### Aim of the task
Leaving out the pictures, transcribe all of the records faithfully.

### Material for this exercise
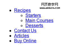 嵌套列表是一個很好的方式來描述導航系統.在這個例子我們用了第一個列表來表示主菜單,而子菜單則包含在主菜單的下面.這樣如沒有CSS樣式,結構也是非常的清晰.
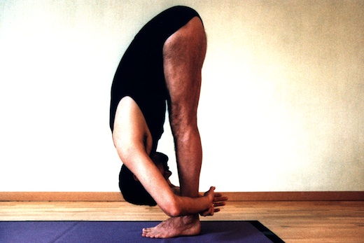 Poi portate il piede sinistro indietro riunendolo al destro, con una leggera spinta delle mani indietro salite in uttanasana, fase intermedia con ginocchia piegate e mani in presa dietro alle caviglie
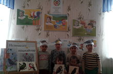 Балалар белән бакчада кошлар көне үткәрдек.Кошлар белән таныштык, табышмаклар чиштек,шигырьләр сөйләдек,уеннар уйнадык.-Вместе с детьми провел день птиц..Познакомились с птицами,отгадывали загадки, рассказывали стихи и играли в разные игры.
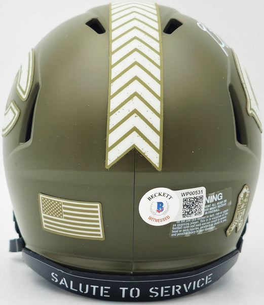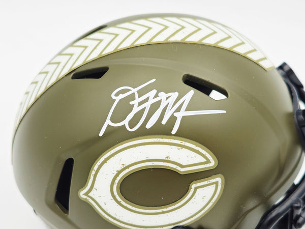This is a Chicago Bears Army Green Salute to Service Speed Mini Helmet that has been hand signed by DJ Moore. This item has been witnessed and certified authentic by Beckett Authentication (BAS) and comes with their tamper-proof witness sticker.
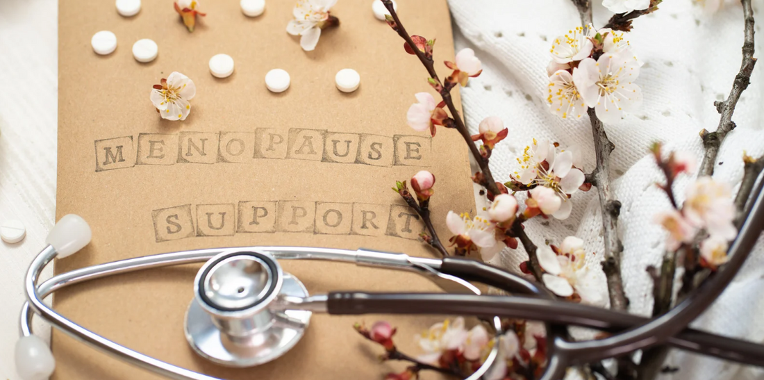The image shows a brown paper with "Menopause Support" stamped on it, surrounded by white pills, a stethoscope, and delicate cherry blossoms on a soft, knitted fabric background.
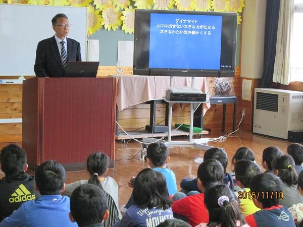 11月10日の朝は、朝会がありました。今回の朝会は学校長からノーベル賞について、日本人は今回の受賞者を含めて24人の受賞者がいること、物理学賞の受賞者数は世界2位(1位はアメリカ)であること、晩餐会のカラトリーは日本製であること、授賞式はノーベルの命日である12月10日であることなどについて、話がありました。
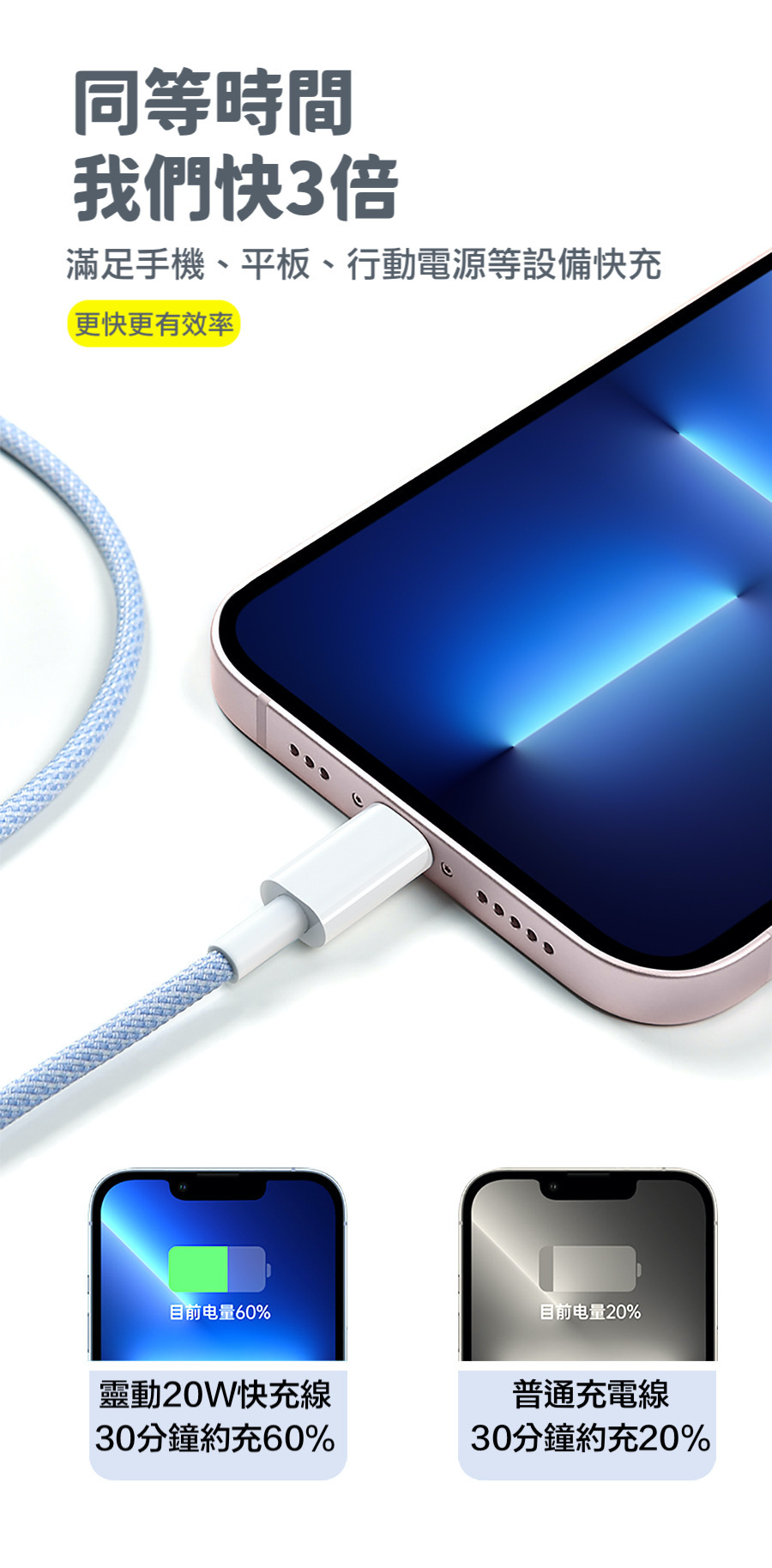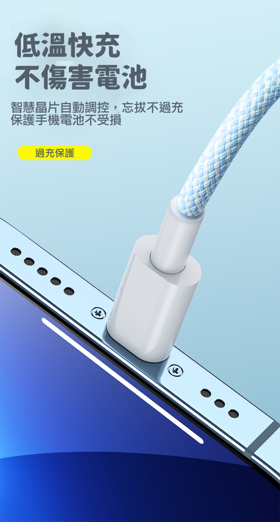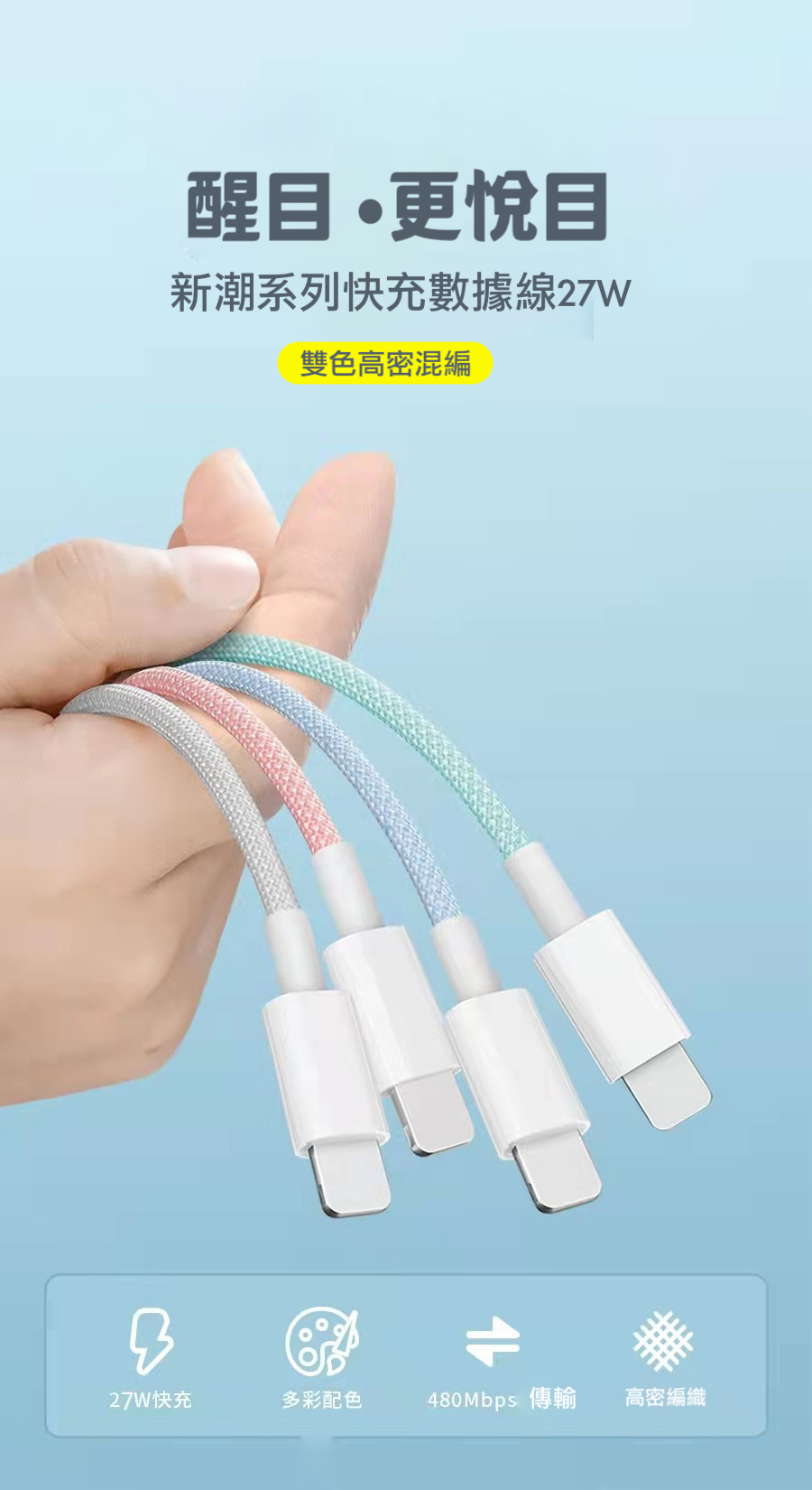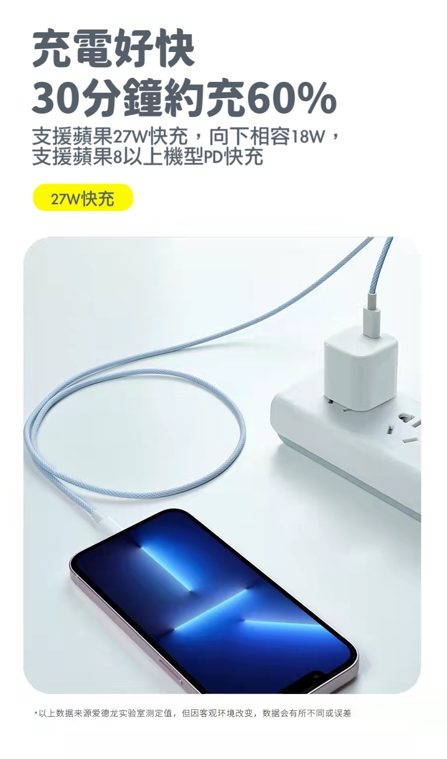 【 27W高速編織傳輸充電線】 適用於iPhone 15系列 TYPE-C TO TYPE-C 27WPD快充,可充電、傳輸
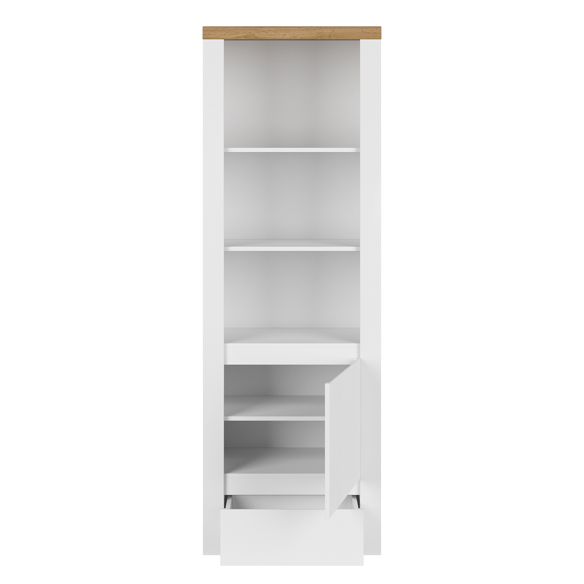 Obsahuje otvorené police, otváraciu skrinku a zásuvku
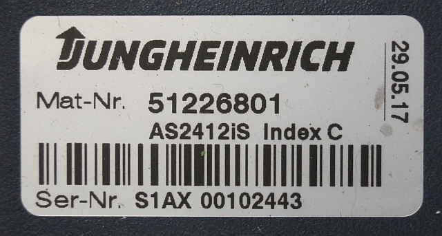 Jungheinrich 51226801 | Rij/hef/stuur regeling drive/lift/steering controller AS2412 i S index C Sw 1,02 51462874 sn. S1AX000102443 from ERE225 Drive + year 2017
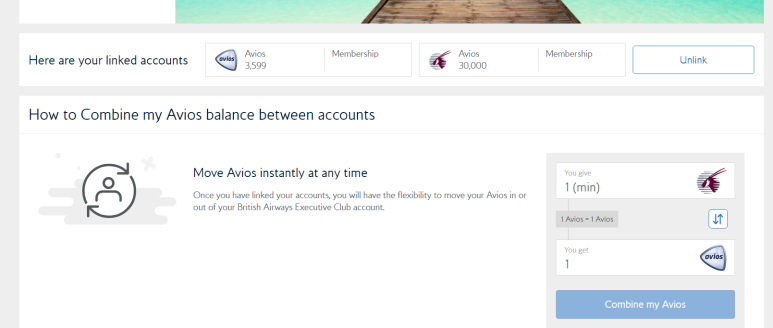 2. Manage My Account > Combine my Avios 클릭
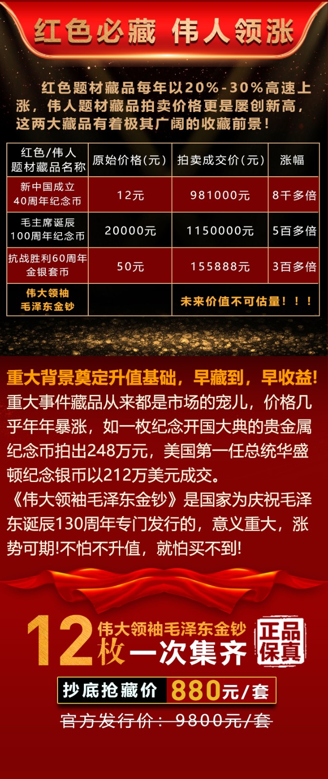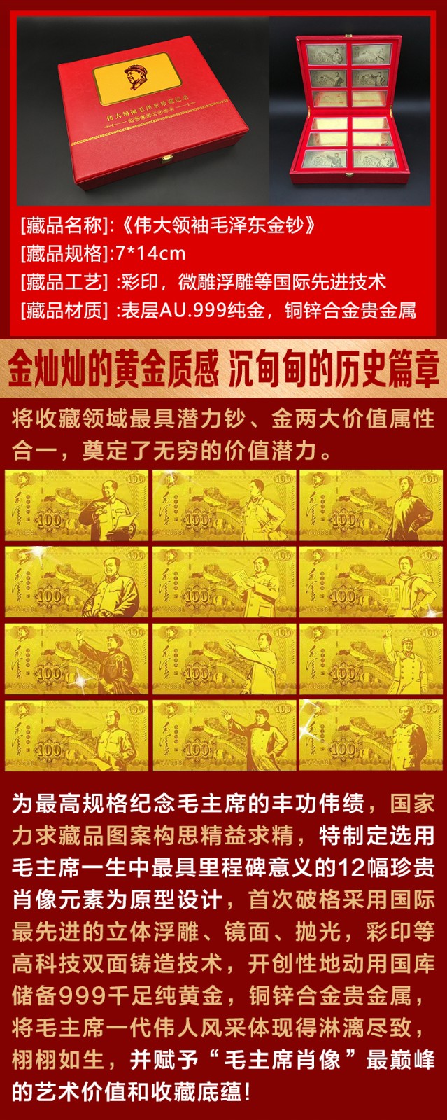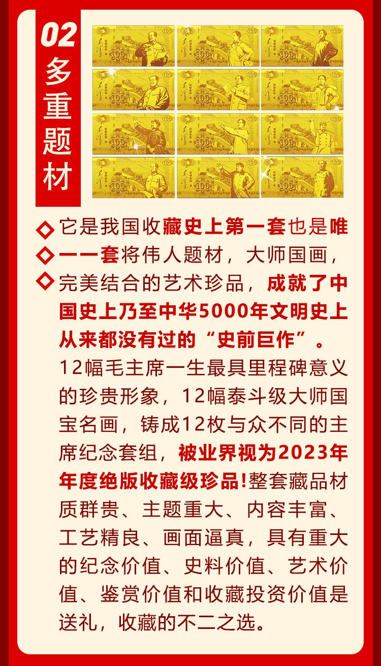 • 【伟大领袖毛泽东金钞】,国家权威部门批准特别发行,假一赔十!(原价9800元,限时抢藏880元一套),全国限量发行3000套。
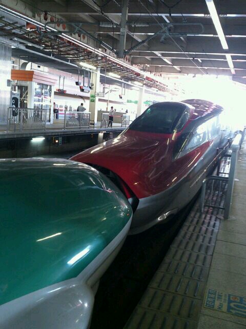 エスカレーターを登ると、東京方面からすぐ秋田新幹線のこまちがやってきました。
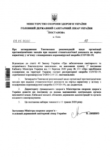 Про організацію протиепідемічних заходів при наданні стоматологічної допомоги
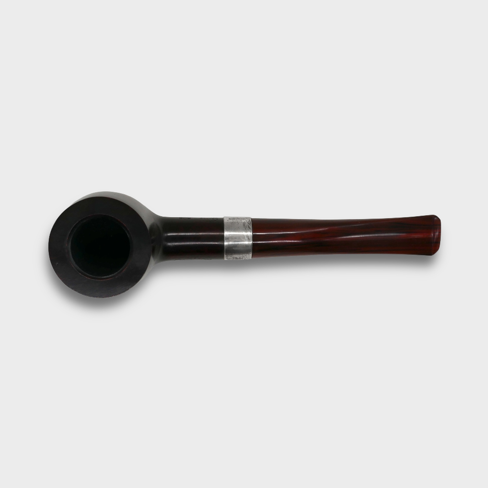 The Peterson Harp pipe is a rich dark brown colour, beautifully set off by a Cumberland Fishtail mouthpiece. Each pipe is silver mounted with a harp, the symbol of Ireland, stamped on the mount, which also has the legend 'Peterson of Dublin, Irish Harp'.
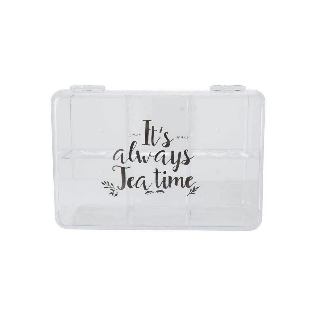 Krabička na čaje, organizér s 6 přihrádkami, transparentní TEA
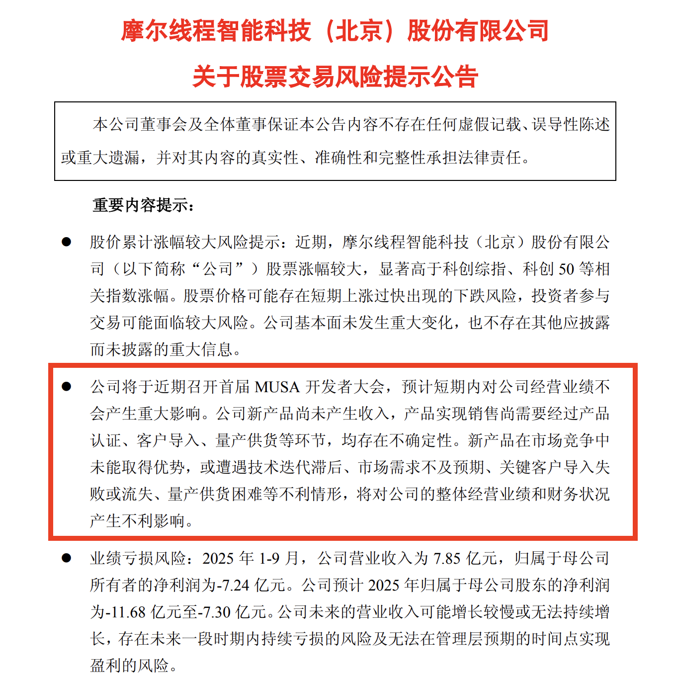 狂热行情未能持续,12月11日晚,摩尔线程发布风险提示公告紧急“降温”,称“近期召开首届MUSA开发者大会,预计短期内对公司经营业绩不会产生重大影响。公司新产品尚未产生收入,产品实现销售尚需要经过产品认证、客户导入、量产供货等环节,均存在不确定。”
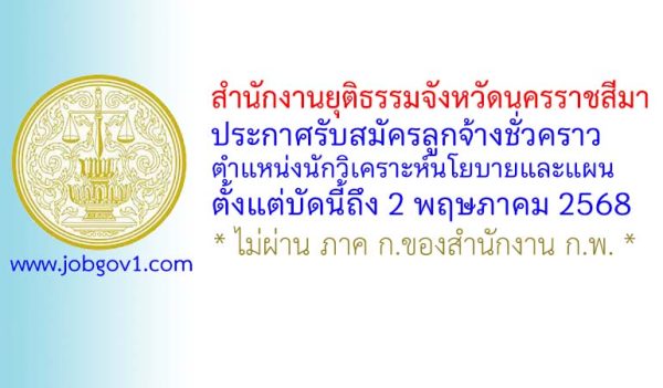 สำนักงาน พมจ.นครราชสีมา รับสมัครบุคคลเพื่อเลือกสรรเป็นพนักงานกองทุน ตำแหน่งนิติกร ตั้งแต่วันที่ 17-21 พฤศจิกายน 2568
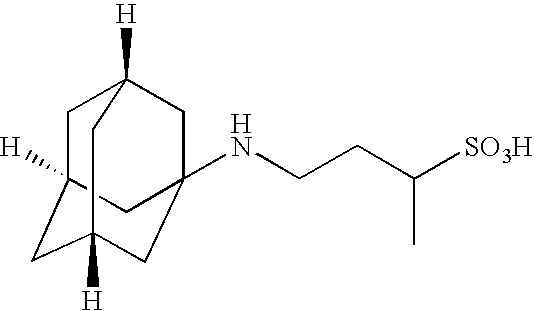 To an 80° C. solution of 2-adamantanamine hydrochloride (2.50 g, 13.3 mmol) and sodium hydroxide (586 mg, 14.6 mmol) in 1,4-dioxane (7 mL) and water (7 mL) was added via syringe pump (1 hour addition) a solution of 3-chloro-2-hydroxy-propane sulfonic acid, sodium salt (1.76 g, 8.9 mmol) in 1,4-dioxane (1 mL) and water (9 mL). The solution was stirred at 80° C. for an additional 4 hours. The reaction was cooled to room temperature. The solvent was evaporated under reduced pressure. The solid was suspended in EtOH (25 mL). The mixture was heated to reflux for 1 minute. The solid was removed by filtration. The pure product crystallized in the filtrate. The product was filtered, washed with EtOH (1×10 mL) and dried in vacuo. Yield: 30%. 1H NMR (D2O, 500 MHz) δ ppm 4.30 (m, 1H), 3.35 (m, 2H), 3.03 (m, 3H), 2.07 (m, 2H), 1.84 (m, 2H), 1.75 (m, 4H), 1.65 (d, 6H). 13C (D2O, 125 MHz) δ ppm 63.31, 55.03, 49.51, 36.51, 36.33, 36.26, 29.78, 29.23, 28.81, 26.63, 26.38. ES-MS 289 (M+1).

### Finished task
 嵌套列表是一個很好的方式來描述導航系統.在這個例子我們用了第一個列表來表示主菜單,而子菜單則包含在主菜單的下面.這樣如沒有CSS樣式,結構也是非常的清晰.
 Poi portate il piede sinistro indietro riunendolo al destro, con una leggera spinta delle mani indietro salite in uttanasana, fase intermedia con ginocchia piegate e mani in presa dietro alle caviglie
 Балалар белән бакчада кошлар көне үткәрдек.Кошлар белән таныштык, табышмаклар чиштек,шигырьләр сөйләдек,уеннар уйнадык.-Вместе с детьми провел день птиц..Познакомились с птицами,отгадывали загадки, рассказывали стихи и играли в разные игры.
This is a Chicago Bears Army Green Salute to Service Speed Mini Helmet that has been hand signed by DJ Moore. This item has been witnessed and certified authentic by Beckett Authentication (BAS) and comes with their tamper-proof witness sticker.
The image shows a brown paper with "Menopause Support" stamped on it, surrounded by white pills, a stethoscope, and delicate cherry blossoms on a soft, knitted fabric background.
 11月10日の朝は、朝会がありました。今回の朝会は学校長からノーベル賞について、日本人は今回の受賞者を含めて24人の受賞者がいること、物理学賞の受賞者数は世界2位(1位はアメリカ)であること、晩餐会のカラトリーは日本製であること、授賞式はノーベルの命日である12月10日であることなどについて、話がありました。
 【 27W高速編織傳輸充電線】 適用於iPhone 15系列 TYPE-C TO TYPE-C 27WPD快充,可充電、傳輸
 Obsahuje otvorené police, otváraciu skrinku a zásuvku
 Jungheinrich 51226801 | Rij/hef/stuur regeling drive/lift/steering controller AS2412 i S index C Sw 1,02 51462874 sn. S1AX000102443 from ERE225 Drive + year 2017
 2. Manage My Account > Combine my Avios 클릭
 • 【伟大领袖毛泽东金钞】,国家权威部门批准特别发行,假一赔十!(原价9800元,限时抢藏880元一套),全国限量发行3000套。
 エスカレーターを登ると、東京方面からすぐ秋田新幹線のこまちがやってきました。
 Про організацію протиепідемічних заходів при наданні стоматологічної допомоги
 The Peterson Harp pipe is a rich dark brown colour, beautifully set off by a Cumberland Fishtail mouthpiece. Each pipe is silver mounted with a harp, the symbol of Ireland, stamped on the mount, which also has the legend 'Peterson of Dublin, Irish Harp'.
 Krabička na čaje, organizér s 6 přihrádkami, transparentní TEA
 狂热行情未能持续,12月11日晚,摩尔线程发布风险提示公告紧急“降温”,称“近期召开首届MUSA开发者大会,预计短期内对公司经营业绩不会产生重大影响。公司新产品尚未产生收入,产品实现销售尚需要经过产品认证、客户导入、量产供货等环节,均存在不确定。”
 สำนักงาน พมจ.นครราชสีมา รับสมัครบุคคลเพื่อเลือกสรรเป็นพนักงานกองทุน ตำแหน่งนิติกร ตั้งแต่วันที่ 17-21 พฤศจิกายน 2568
 To an 80° C. solution of 2-adamantanamine hydrochloride (2.50 g, 13.3 mmol) and sodium hydroxide (586 mg, 14.6 mmol) in 1,4-dioxane (7 mL) and water (7 mL) was added via syringe pump (1 hour addition) a solution of 3-chloro-2-hydroxy-propane sulfonic acid, sodium salt (1.76 g, 8.9 mmol) in 1,4-dioxane (1 mL) and water (9 mL). The solution was stirred at 80° C. for an additional 4 hours. The reaction was cooled to room temperature. The solvent was evaporated under reduced pressure. The solid was suspended in EtOH (25 mL). The mixture was heated to reflux for 1 minute. The solid was removed by filtration. The pure product crystallized in the filtrate. The product was filtered, washed with EtOH (1×10 mL) and dried in vacuo. Yield: 30%. 1H NMR (D2O, 500 MHz) δ ppm 4.30 (m, 1H), 3.35 (m, 2H), 3.03 (m, 3H), 2.07 (m, 2H), 1.84 (m, 2H), 1.75 (m, 4H), 1.65 (d, 6H). 13C (D2O, 125 MHz) δ ppm 63.31, 55.03, 49.51, 36.51, 36.33, 36.26, 29.78, 29.23, 28.81, 26.63, 26.38. ES-MS 289 (M+1).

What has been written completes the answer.